Important:
This answer is based on tax law for the tax year ending 28 February 2020.
Answer:
The general principle is that donations are made out of after-tax amounts. Section 18A is an exception to this general rule and is quite specific with regard to who the donee must be. It includes certain public benefit organisations, approved by SARS, any institution, board or body contemplated in section 10(1)(cA)(i), 'specialized agencies', certain international organisations or any department of government of the Republic in the national, provincial or local sphere. It doesn’t include a natural person. It is also not the fact that the donee is approved by SARS as a public benefit organisation (and has the PBO reference number) that entitles a taxpayer to make a deduction. It is necessary that the entity “carries on in the Republic any public benefit activity contemplated in Part II of the Ninth Schedule” – the deduction is then given for those, but requires a receipt that complies with the legislation.

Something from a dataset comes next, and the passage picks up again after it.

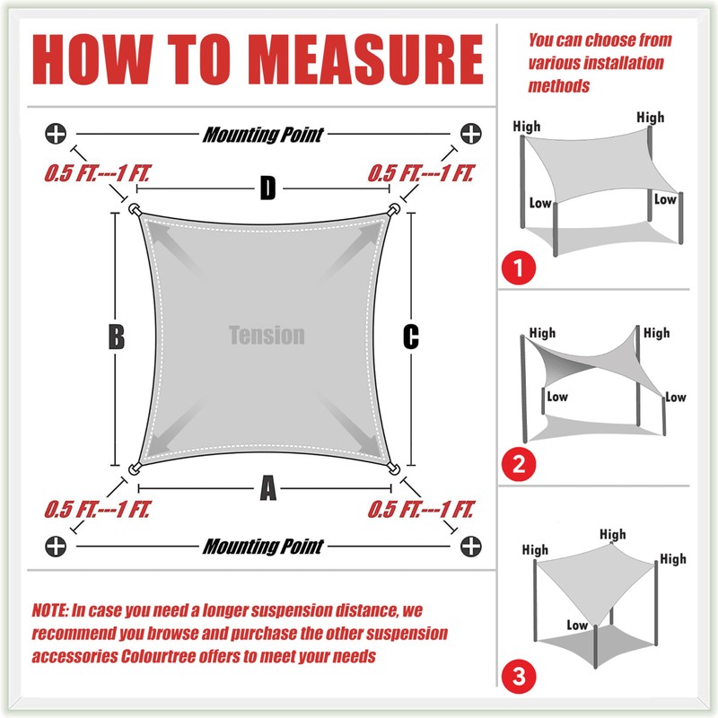 - ★【INSTALLATION GUIDE】: Installation hardware kits are requiTurquoise and sold separately, each D-ring will require one cable rope (DO NOT use nylon ropes, they break easily!!). Connect the other ends of cables to existing poles, trees or wall with shade sail hardware kits, high quality ColourTree hardware kits and cables are strongly recommended for best performance and appearance.

The taxpayer will therefore not be able to deduct, from her income or taxable income, a donation made to a natural person, such as her son. SARS will certainly levy the understatement penalty if the amount is claimed as a deduction.
We are concerned about the statement that the ‘donation’ will be “returned … to her as a loan a month later …” This can mean that there was no intention to donate and that it was merely done to make use of the section 56(2)(b) amount. SARS may then act in terms of section 80B of the Income Tax Act.